Do not commit secrets, raw customer transcripts, API keys, or generated run
outputs. Keep production credentials in your CI secret store.

### GitHub Actions

```yaml
name: Wendell Agent Tests

on:
  pull_request:
  push:
    branches: [main]

jobs:
  wendell:
    runs-on: ubuntu-latest
    steps:
      - uses: actions/checkout@v6
      - uses: actions/setup-python@v6
        with:
          python-version: "3.13"
      - name: Install Wendell
        run: |
          python -m pip install --upgrade pip
          python -m pip install wendell
      - name: Run Wendell
        env:
          WENDELL_INKPASS_API_KEY: ${{ secrets.WENDELL_INKPASS_API_KEY }}
          WENDELL_APP_AGENT_COMMAND: python scripts/run_my_agent.py
        run: wendell run --suite refund-agent-regression --config wendell.toml
```

For hosted Wendell reporting, keep `upload_traces = true` and provide
`WENDELL_INKPASS_API_KEY` from CI secrets. Add `api_url` only when targeting a
staging, preview, or local API.

For a newly published hosted suite, create the repo-local config and adapter
boundary first:

```bash
wendell suites configure --suite refund-agent-regression --project refund-agent
```

## Wendell dogfood suite

This repo includes a production-style dogfood suite for Wendell's own
Playbook-to-test-suite behavior:

```bash
uv run --project wendell-ci --extra dev --with-editable . wendell test --config wendell.dogfood.toml
```

The suite lives at
`configs/customer_inputs/wendell_playbook_compiler_quality_input.json` and is
derived from `configs/playbooks/wendell_playbook_compiler_quality.md`.

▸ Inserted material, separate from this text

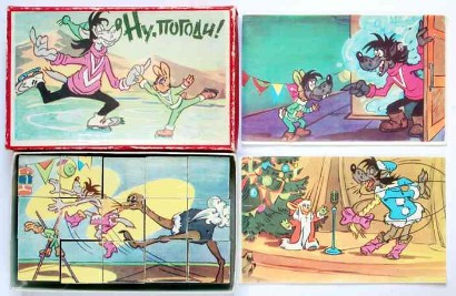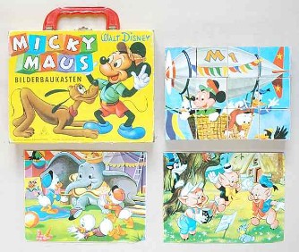 | |  | Sowjetische Einflüsse in ostdeutschen Kinderzimmern (Würfelpuzzle "Hase und "Wolf") | | und amerikanische in den westdeutschen: die allgegenwärtigen Walt-Disney-Charaktere (Würfelpuzzle "Micky Maus") |

The real Wendell Playbook compiler adapter is expected to pass:

```bash
uv run --project wendell-ci --extra dev --with-editable . wendell test --config wendell.dogfood.toml
```

The intentionally broken agent is expected to fail with rule-linked evidence:

```bash
uv run --project wendell-ci --extra dev --with-editable . wendell test \
  --config wendell.dogfood.toml \
  --agent-command "python examples/wendell_playbook_compiler_broken_agent.py"
```

The intended production flow is:

1. `local-wendell` runs on the developer machine or CI worker.
2. It fetches the pinned world, scenario pack, rubrics, and scoring contract from Wendell.
3. It invokes the agent locally through an adapter such as `agent_command`.
4. It captures local traces, redacts them, and uploads traces/results back to Wendell.
5. Advisory mode exits `0`; blocking mode exits nonzero only when explicitly enabled.

Remote uploads authenticate with an InkPass API key sent as `X-API-Key`. The key needs at least `wendell:worlds:read`, `wendell:runs:create`, and `wendell:runs:read`.

## Local worldsim dogfood config

While Wendell Cloud APIs are still taking shape, the runner can call the existing local `worldsim.services` layer directly:

```toml
project = "workspace-access-agent"
mode = "advisory"
world = "workspace_access_support"
scenario_pack = "smoke"
worldsim_input = "../configs/customer_inputs/workspace_access_support_input.json"
agent = "careful"

[gates]
suite_min_score = 0.80
scenario_min_score = 0.75
critical_failures_allowed = 0
```

Supported local built-in agents are `careful` and `risky`.